SGLT2 inhibitors associated with increased risk of lower-limb amputation in new study

SGLT2 inhibitors may be linked to a doubling in the risks of lower-limb amputation and diabetic ketoacidosis compared with GLP-1 receptor agonists, according to a new study.

SGLT2 inhibitors may increase the risk of lower-limb amputation. | B. BOISSONNET/ SCIENCE PHOTO LIBRARY
SGLT2 inhibitors may increase the risk of lower-limb amputation. | B. BOISSONNET/ SCIENCE PHOTO LIBRARY

Concerns about a link between sodium–glucose cotransporter 2 (SGLT2) inhibitors and an increased risk of amputations first arose last year with the publication of CANVAS, two large-scale cardiovascular outcomes studies of canagliflozin. The results prompted the manufacturer of canagliflozin to issue a reminder of the importance of routine foot care in patients taking the drug. 

A recent observational study, published in the BMJ, has now linked SGLT2 inhibitors to a two-fold increase in the risks of amputation and diabetic ketoacidosis, although not to a range of other serious adverse events. 

Using data from several national health registers in Sweden and Denmark from 2013 to 2016, the researchers investigated the association between use of SGLT2 inhibitors (dapagliflozin, canagliflozin and empagliflozin) and seven serious adverse events of current concern: lower-limb amputation, bone fracture, diabetic ketoacidosis, acute kidney injury, serious urinary tract infection, venous thromboembolism, and acute pancreatitis.

A propensity score-matched cohort of new users of SGLT2 inhibitors (n=17,213) and new users of the active comparator, glucagon-like peptide 1 (GLP-1) receptor agonists (n=17,213), was analysed.

Small risk difference

Although the absolute risk differences were small, the researchers observed twofold increases in the risks of both lower-limb amputation and diabetic ketoacidosis with SGLT2 inhibitors compared with GLP-1 receptor agonists. There were 2.7 lower-limb amputations per 1000 person–years of treatment with SGLT2 inhibitors compared with 1.1 with GLP-1 receptor agonists (hazard ratio [HR] 2.32, 95% CI 1.37–3.91). For diabetic ketoacidosis, the corresponding rates per 1000 person–years were 1.3 and 0.6, respectively (HR 2.14, 95% CI 1.014.52).

No significant association was observed between SGLT2 inhibitor use and the other five adverse events investigated.

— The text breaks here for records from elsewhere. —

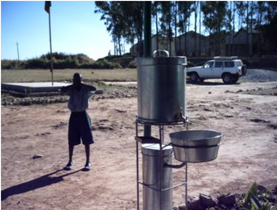
Photo taken by students in Zambian primary school of school's clean water dispenser

The importance of having a clean and ample supply of water was an issue raised by many students.
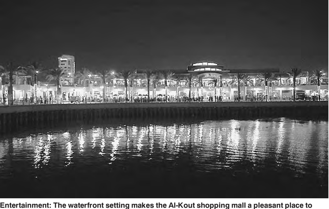
relax, shop and dine. EMBASSY OF KUWAIT

In conclusion, both Japan and Kuwait will celebrate this year's auspicious occasion in several events that will reflect the level of bilateral relations between the two countries.
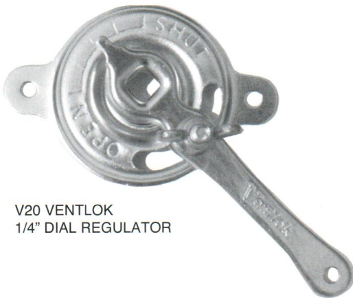
V20 VENTLOK 1/4" DIAL REGULATOR
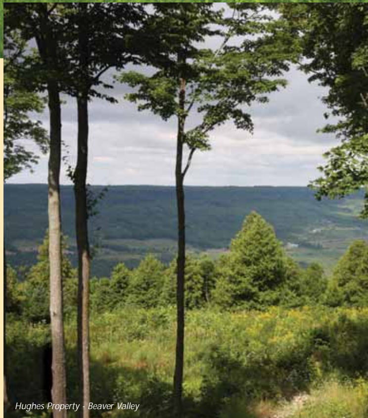
Hughes Property - Beaver Valley

17 ha (41 acres) preserved; 841 m of Bruce Trail Optimum Route secured. Funded by BTC donors. The BTC plans to transfer title of the property’s conservation lands to the Ontario Heritage Trust (OHT) under the Natural Spaces Land Acquisition and Stewardship Program, which will reimburse 50% of the purchase price.
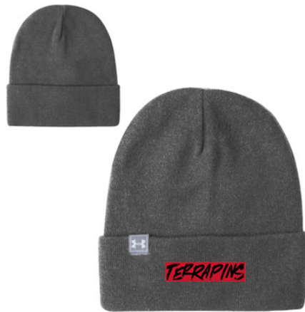
UNIVERSITY OF MARYLAND UH707U972 AEU03787281 PACP FP RD, BK
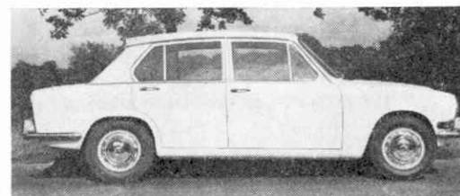
The clean lines of this 'real' 1300 are faithfully reproduced in the latest Dinky model

From the safety angle, safety-belt anchoring points are included inside the car while disc brakes are fitted to the front wheels with drum brakes at the rear. Childproof locks are fitted which is a great asset if young children travel in the car.
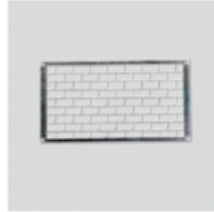
DEF Rectangular protection guard.
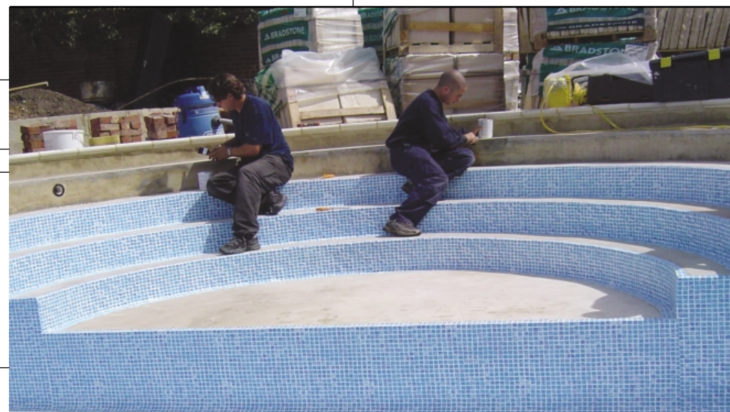
Steps easily transformed
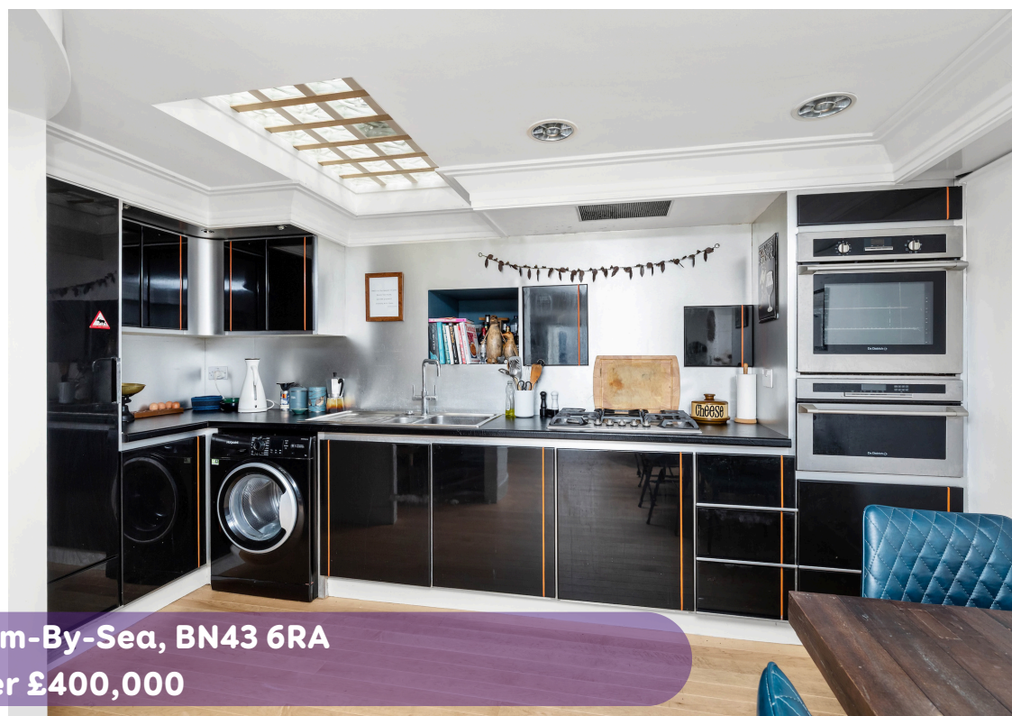
New Road, Shoreham-By-Sea, BN43 6RA Offers Over £400,000
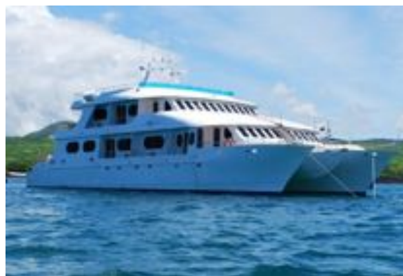
The deluxe class catamaran, Nina.

This is a Pura handpicked holiday with an activity level of low and a comfort rating of premium .
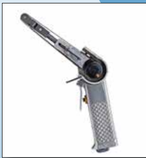
SI - 2700

Our belt sanders are also ideal for deburring of all kinds and are a sensible and economical supplement for all grinding work.
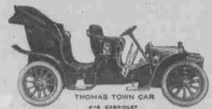
THOMAS TOWN CAR 4-18 CARRIAGE $3,000.00

We will have one of these cars in our salesroom about April 5th
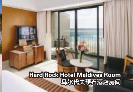
Hard Rock Hotel Maldives Room 马尔代夫硬石酒店房间
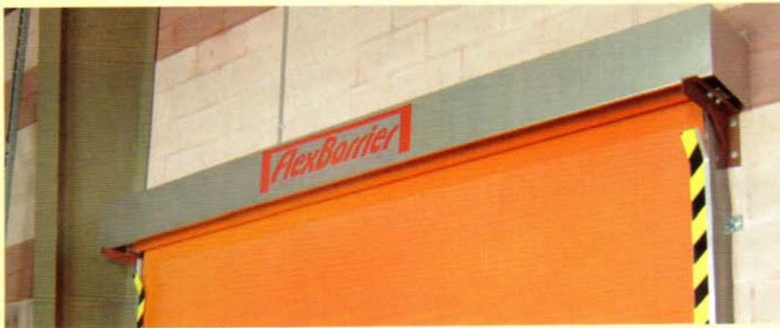
FlexEC (Exterior Cover) is an attractive and protective faceplate for exterior use. The ends are sealed to provide an extra level of protection for the door roll. FlexIC and EC are both made of heavy gauge steel.
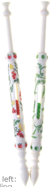
From left: Tumbling £28.95 Tomatoes £28.95 Peas £28.95
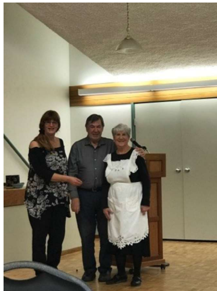
November Sunday Social door prize winners

Because of the observational nature of the study the researchers could not draw conclusions about cause and effect, or rule out the possibility that other unmeasured factors affected the results. The mechanism by which SGLT2 inhibitors might cause these possible adverse events is unknown.

It also remains unclear whether the increase in lower limb amputations is a class effect or specific to individual SGLT2 inhibitors.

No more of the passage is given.